Write the query this way:

action compareAB(A a, B b) returns boolean {
  log "compareAB; inputs:  A as a = "+a.toString()+ ", B as b = "+b.toString();
  boolean r:= (a.x >= b.x);
  log "compareAB; result is "+r.toString();
  return r;
}

find A as a -> B as b where compareAB(a, b) {...

You can then use these log statements to check if the query is behaving as expected.

Divide and conquer

One of the advantages of testing a query with a known set of input events is that it is possible to see how changing the query affects the results. For example, if a query is not matching any events and has many within and without clauses, try removing all of them. One way to do this is to place them onto separate lines and use // as a comment at the beginning of the lines in the source view. If the query still does not fire, use query diagnostics to check that events are being evaluated. If the query is firing, then add within and without clauses one at a time until the query stops firing.
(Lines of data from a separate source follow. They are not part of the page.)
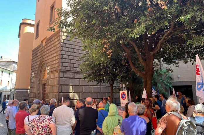 Il 16 luglio mattina  sotto il palazzo Gentili, sede della Provincia di Viterbo  il comitato Noncelabeviamo ha organizzato il sit-in di protesta per difendere il diritto a un’acqua pubblica salubre e utilizzabile, e contro la privatizzazione della società Talete.
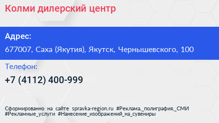 Колми, дилерский центр по адресу 677007, Саха (Якутия), Якутск, Чернышевского, 100 в дальнейшем Организация, размещена в следующих категориях:
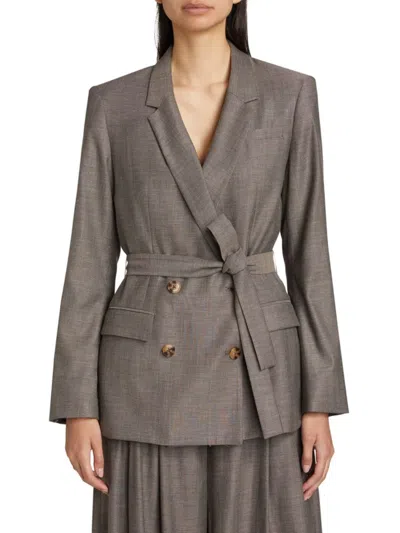 Women's Wool-blend Tie-waist Smoking Jacket In Brown
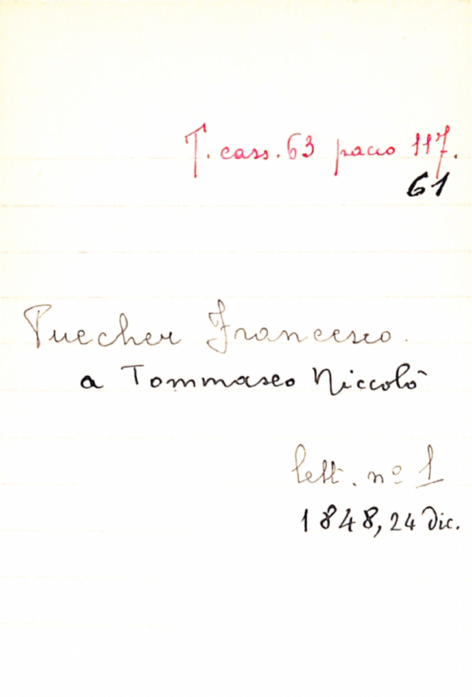 Fascicolo Puecher, Francesco a Tommaseo, Niccolò
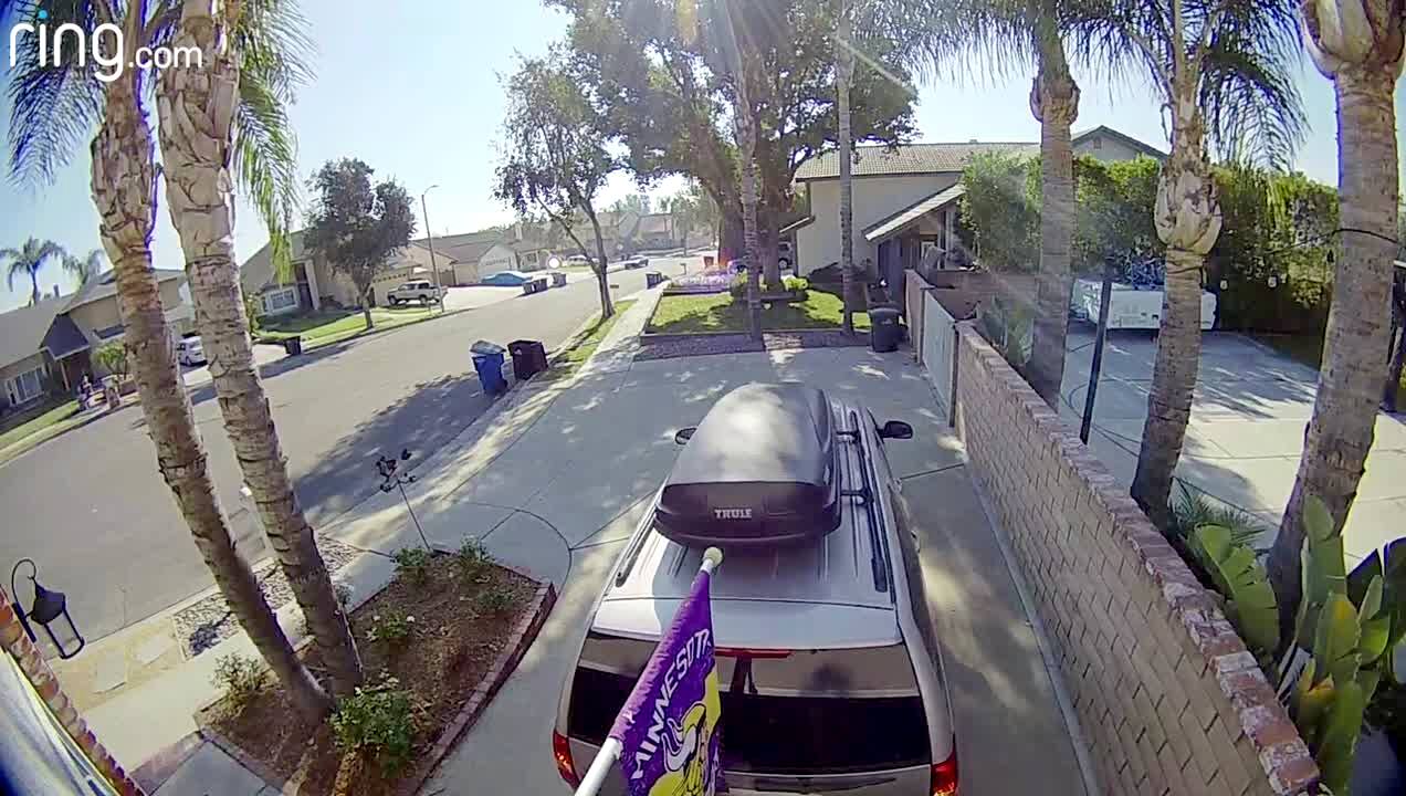 A woman backs an SUV truck into driveway and straight into a horizontal flag pole that pierces into the roof rack.
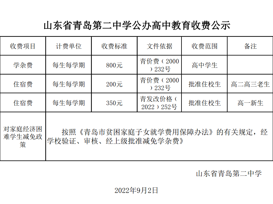 022年山東省青島第二中學(xué)公辦高中教育收費(fèi)公示.pdf
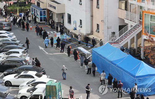 선별진료소 앞 대기 줄 |
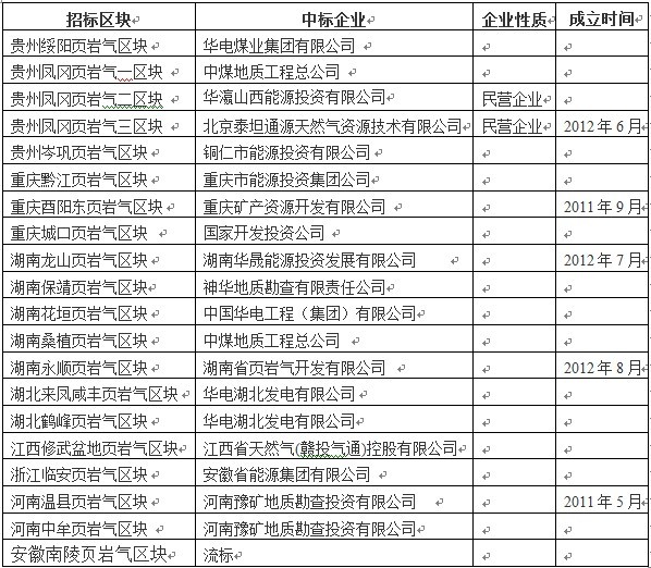 地方能源投資企業(yè)中標本省的頁(yè)巖氣區塊,比率非常高。如貴州岑鞏頁(yè)巖氣區塊中標企業(yè)為銅仁市能源投資有限公司、重慶黔江頁(yè)巖氣區塊中標企業(yè)為重慶市能源投資集團公司、重慶酉陽(yáng)東頁(yè)巖氣區塊中標企業(yè)為重慶礦產(chǎn)資源開(kāi)發(fā)有限公司、湖南龍山頁(yè)巖氣區塊中標企業(yè)為湖南華晟能源投資發(fā)展有限公司、江西修武盆地頁(yè)巖氣區塊中標企業(yè)為江西省天然氣(贛投氣通)控股有限公司、河南溫縣頁(yè)巖氣區塊中標企業(yè)為河南豫礦地質(zhì)勘查投資有限公司。
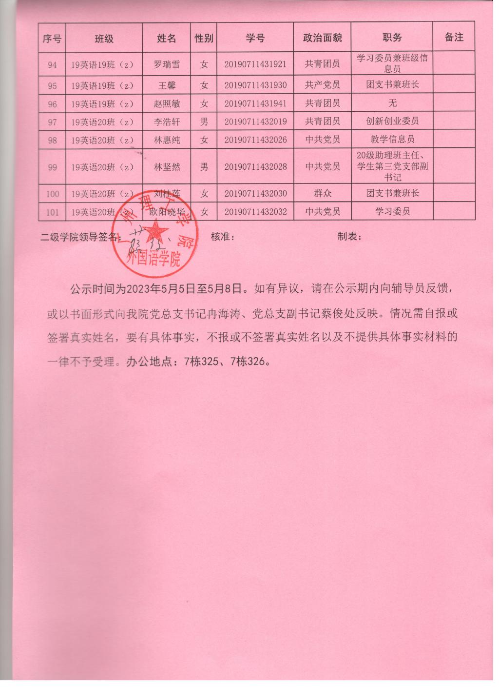 公示时间为2023年5月5日至5月8日。如有异议,请在公示期内向辅导员反馈,或以书面形式向我院党总支书记冉海涛、党总支副书记蔡俊处反映。情况需自报或签署真实姓名,要有具体事实,不报或不签署真实姓名以及不提供具体事实材料的一律不予受理。办公地点:7栋325、7栋326。
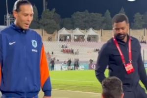 此役范迪克为荷兰踢满全场,帮助球队取胜。《马卡报》社媒晒出视频,范迪克亲切地与场边坐轮椅的球迷合影,并为其签名。
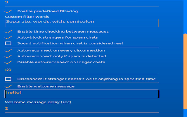 此扩展程序不仅允许您过滤掉此类聊天,还使您能够在任何断开连接后立即自动重新连接并开始新的聊天。您甚至可以设置自己的欢迎信息。
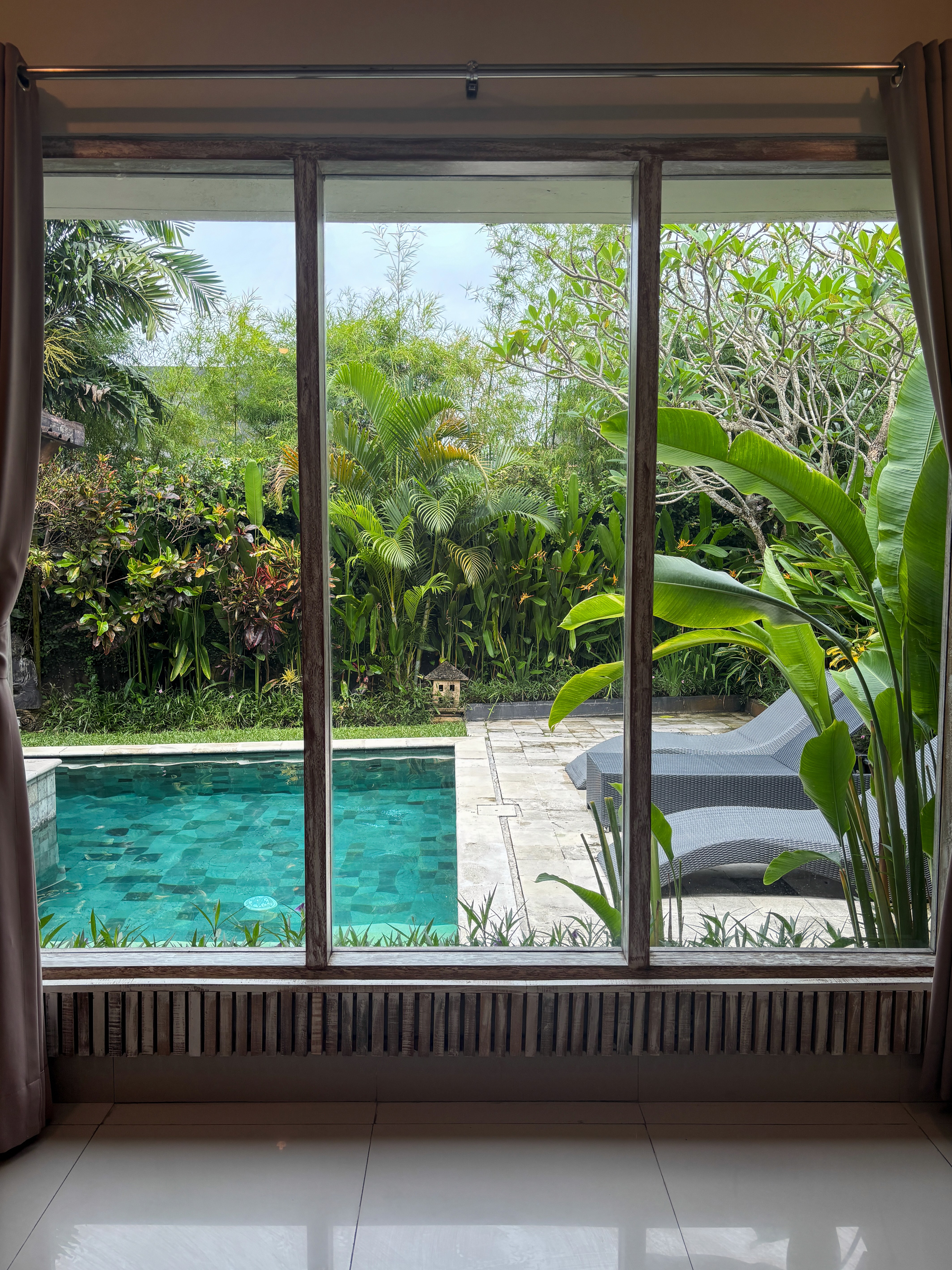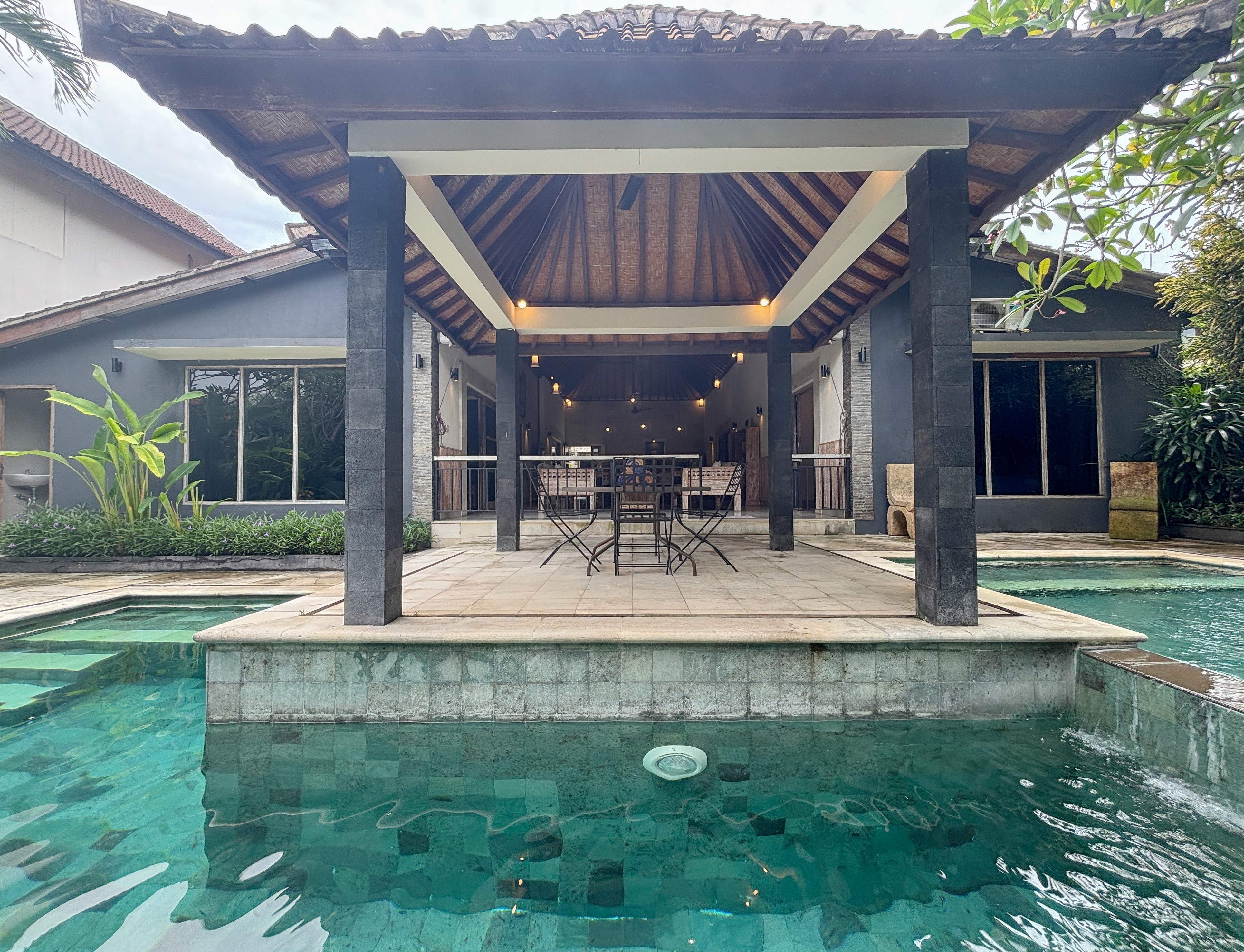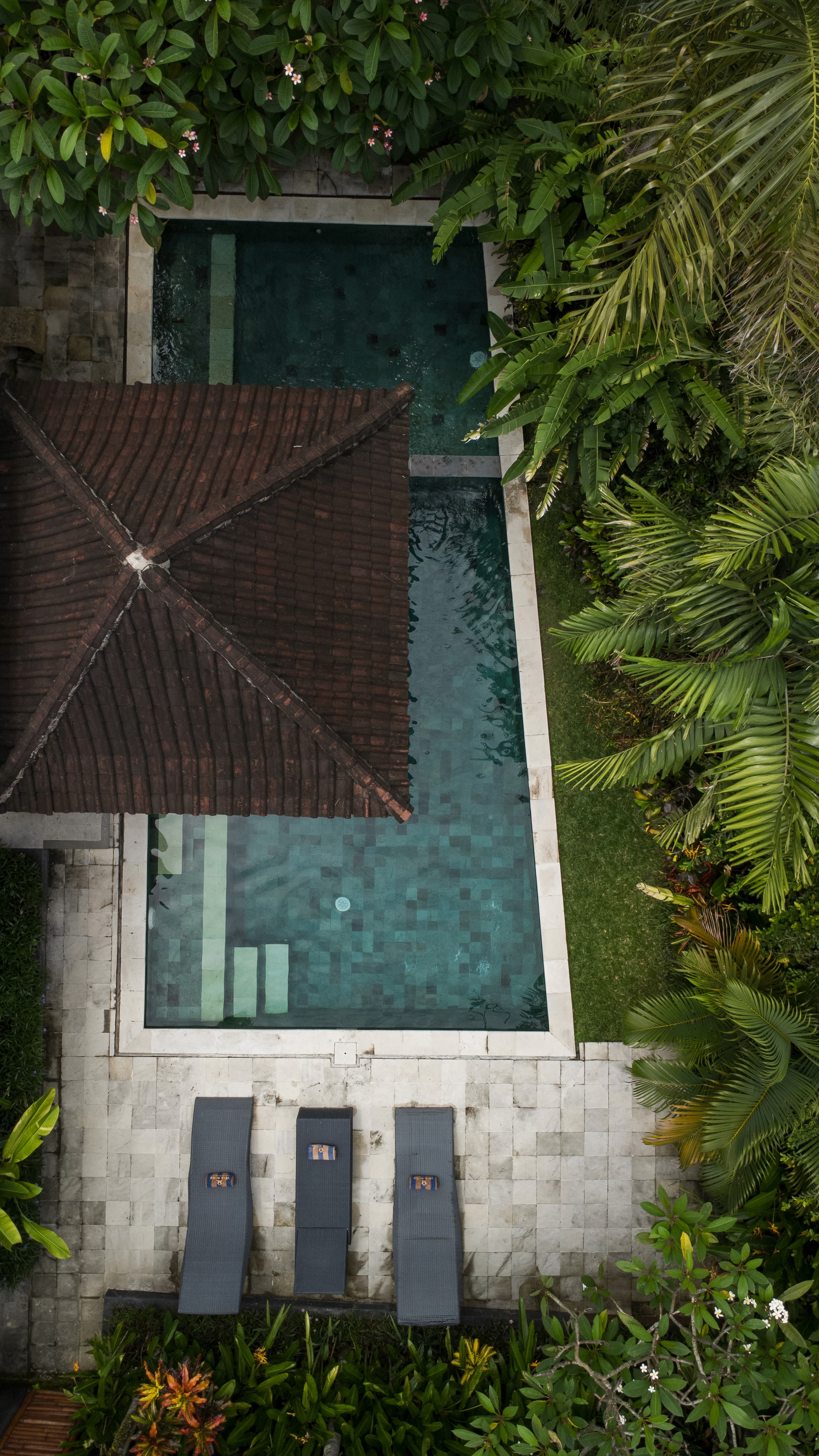 The villa is beautifully appointed throughout, from the elegant bathrooms and western kitchen to the tropical garden with wraparound pool and Balinese gazebo. The minute you step into the wide, welcoming foyer, your getaway begins. Relax and gather your thoughts in the light-filled central room, where plush day beds encourage you to take a load off – perhaps even kick back with some cocktails together. Love the feel of the cool tiles underfoot as you make your way to the private pool gazebo.
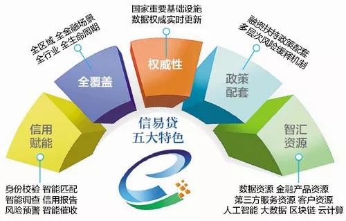 依托全国信用信息共享平台,归集了44个国家部委、31个省市地方政府以及第三方机构470多亿条、涵盖3400多万家企业的信用信息,包括红黑名单、行政许可、行政处罚、异常经营、社保、税务等信息。全国信易贷平台还将汇聚企业注册登记信息、金融机构的企业信贷信息、信用服务机构的企业信用数据以及各地方的融资服务信息等,形成全国中小企业信息交换枢纽。
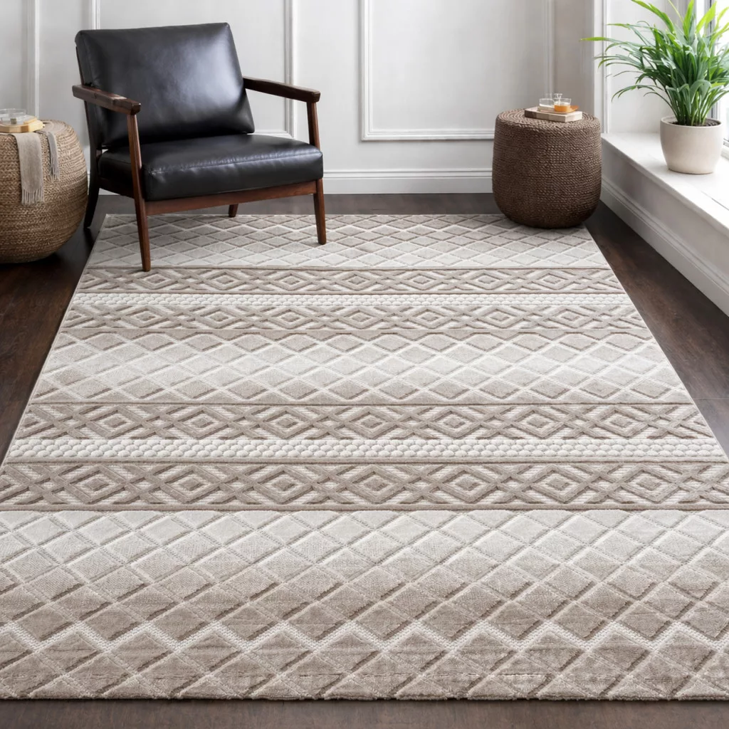 Bohemia modern bézs szőnyeg dombornyomott geometrikus és sávos mintával, nappali környezetben.
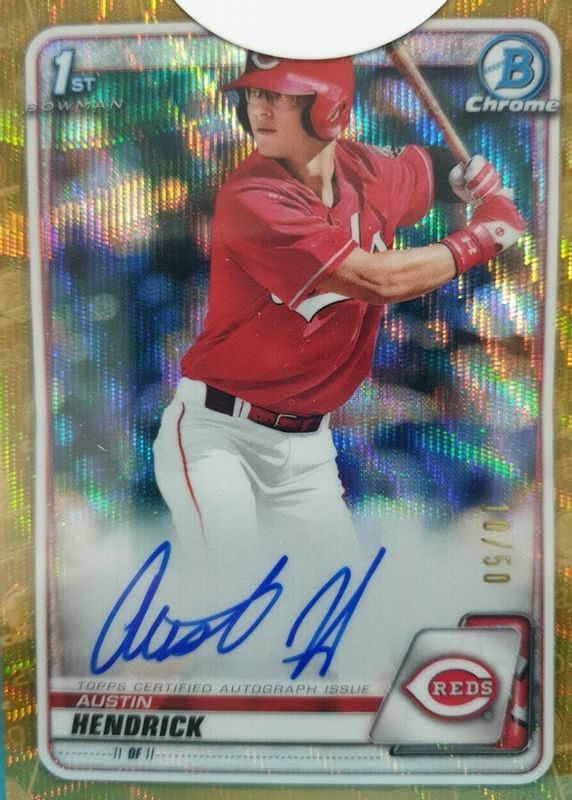 Best Prices Available For Sale of Austin Hendrick 2020 Bowman Draft #CDA-AH Chrome DP Auto - Gold Wave Refractor /50 (1st)

The problem is at the condition that stops it from firing when it should.

Query performance

A critical factor that affects the performance of queries is the size of the windows specified in the inputs block of the query. Aim for windows that contain no more than 100 events. Depending on the distributed cache used to store data, it may also be necessary to change the number of parallel contexts per correlator. Experiment with different values for the number of worker contexts. See also Overview of query processing.

Using external clocking when testing

When testing queries, as well as switching into single context execution, it is often useful to use external clocking. This allows &TIME events to be sent into the correlator to simulate the passage of time, which allows queries involving long durations (for example, multiple days) to be tested easily. To ensure the correct ordering of processing between events and &TIME events, you should also include &FLUSHING(1) at the beginning of the event file, before any events. See Externally generating events that keep time (&TIME events) and Event timing.

Communication between monitors and queries

Queries can be used with or without monitors written in EPL. The following statements can be used to send events between queries, or between queries and monitors or vice versa:

  • route statement. A route statement from a query sends the event to be processed by other query instances. This is the recommended mechanism for sending events between queries. See also The route statement.

    The route statement cannot be used to send events to a monitor.

  • send...to statement. A send...to statement can be used to send an event to all Apama queries running on that correlator by sending it to the com.apama.queries channel or the default channel. To send the event to a monitor, send it to a channel the monitor is listening to. See also The send… to statement.

Info

Queries receive events sent to the default channel, which is useful for testing.

The order in which events are processed is not guaranteed for queries. See Event ordering in queries.

In case the events are expected to be received by a monitor, the monitor author should make it clear which channel they are expecting events on. The channel name can be a single name for a given monitor or a name constructed from data in the event, so that different values are processed in parallel.

If you are using multiple correlators, be aware that communication between queries and monitors normally takes place within a single correlator. However, it is possible to use engine_connect or Universal Messaging to connect correlators. This allows an event sent on a channel on one correlator to be processed by a monitor subscribed to that channel on another correlator.

Unlike a query’s history window, any state stored in EPL monitors, including in the listeners, is independent in each correlator, and is not automatically moved or shared between correlators.